Collected material:
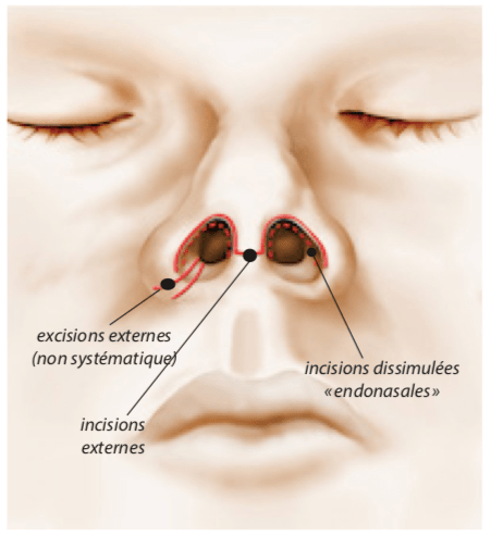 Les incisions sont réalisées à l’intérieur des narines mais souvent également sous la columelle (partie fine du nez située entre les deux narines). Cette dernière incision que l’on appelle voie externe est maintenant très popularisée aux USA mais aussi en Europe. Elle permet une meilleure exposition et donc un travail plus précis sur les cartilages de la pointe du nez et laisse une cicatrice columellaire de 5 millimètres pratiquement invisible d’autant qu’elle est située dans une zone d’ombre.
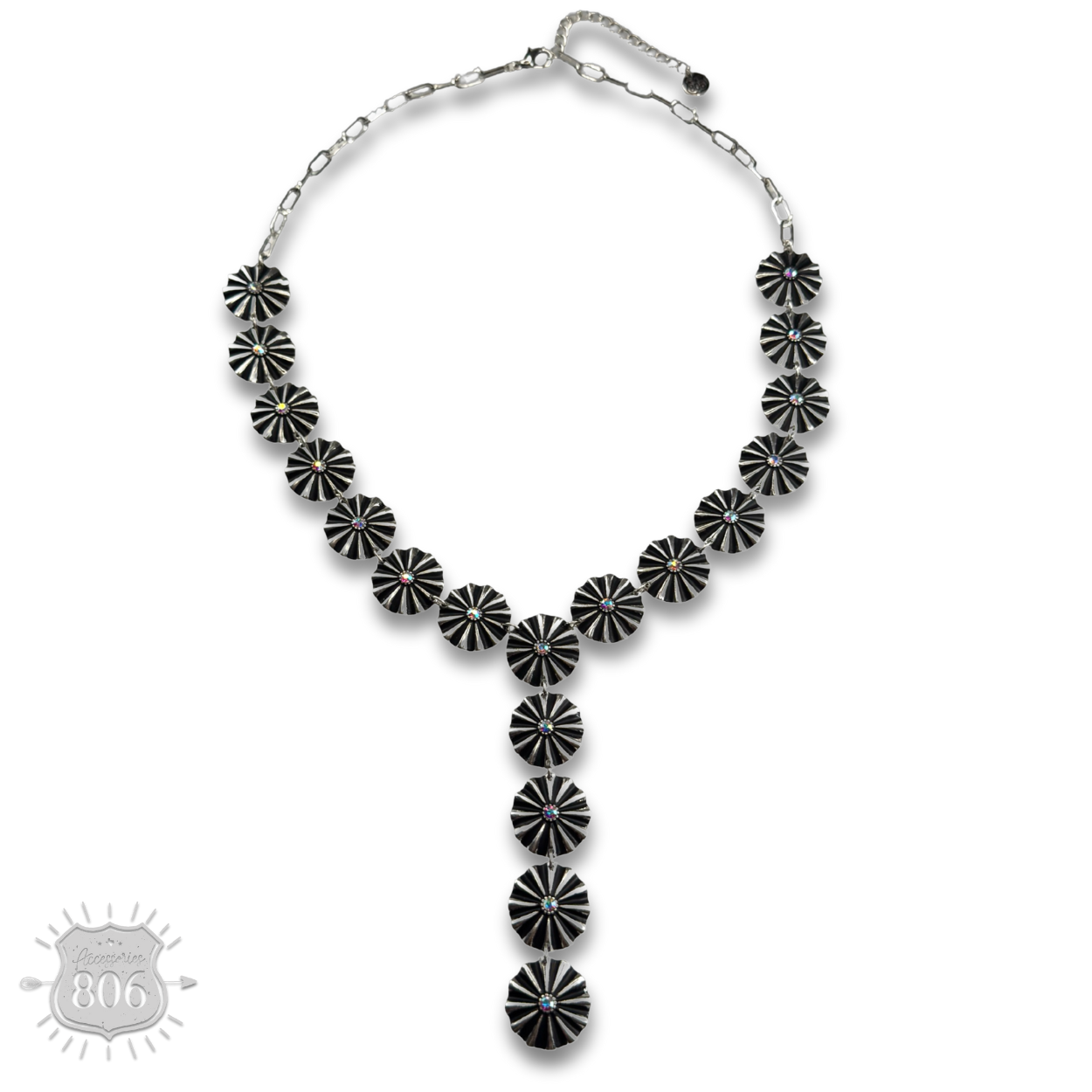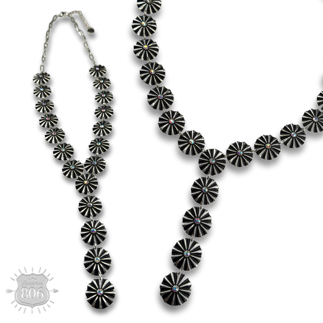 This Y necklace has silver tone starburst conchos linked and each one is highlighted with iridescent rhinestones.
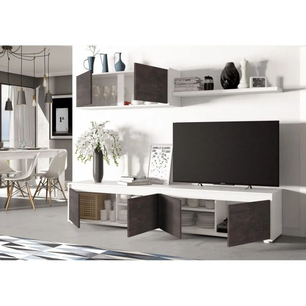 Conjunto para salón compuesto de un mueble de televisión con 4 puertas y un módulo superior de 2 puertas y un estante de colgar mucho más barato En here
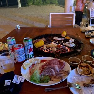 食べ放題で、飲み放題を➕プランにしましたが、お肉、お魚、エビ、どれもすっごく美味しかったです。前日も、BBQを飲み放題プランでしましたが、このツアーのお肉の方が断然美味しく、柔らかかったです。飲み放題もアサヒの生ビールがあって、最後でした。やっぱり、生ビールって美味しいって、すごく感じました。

Exercise:
Each line of the listing above belongs in the answer exactly as written; the pictures do not.

Finished task:
 Les incisions sont réalisées à l’intérieur des narines mais souvent également sous la columelle (partie fine du nez située entre les deux narines). Cette dernière incision que l’on appelle voie externe est maintenant très popularisée aux USA mais aussi en Europe. Elle permet une meilleure exposition et donc un travail plus précis sur les cartilages de la pointe du nez et laisse une cicatrice columellaire de 5 millimètres pratiquement invisible d’autant qu’elle est située dans une zone d’ombre.
 This Y necklace has silver tone starburst conchos linked and each one is highlighted with iridescent rhinestones.
 Conjunto para salón compuesto de un mueble de televisión con 4 puertas y un módulo superior de 2 puertas y un estante de colgar mucho más barato En here
 食べ放題で、飲み放題を➕プランにしましたが、お肉、お魚、エビ、どれもすっごく美味しかったです。前日も、BBQを飲み放題プランでしましたが、このツアーのお肉の方が断然美味しく、柔らかかったです。飲み放題もアサヒの生ビールがあって、最後でした。やっぱり、生ビールって美味しいって、すごく感じました。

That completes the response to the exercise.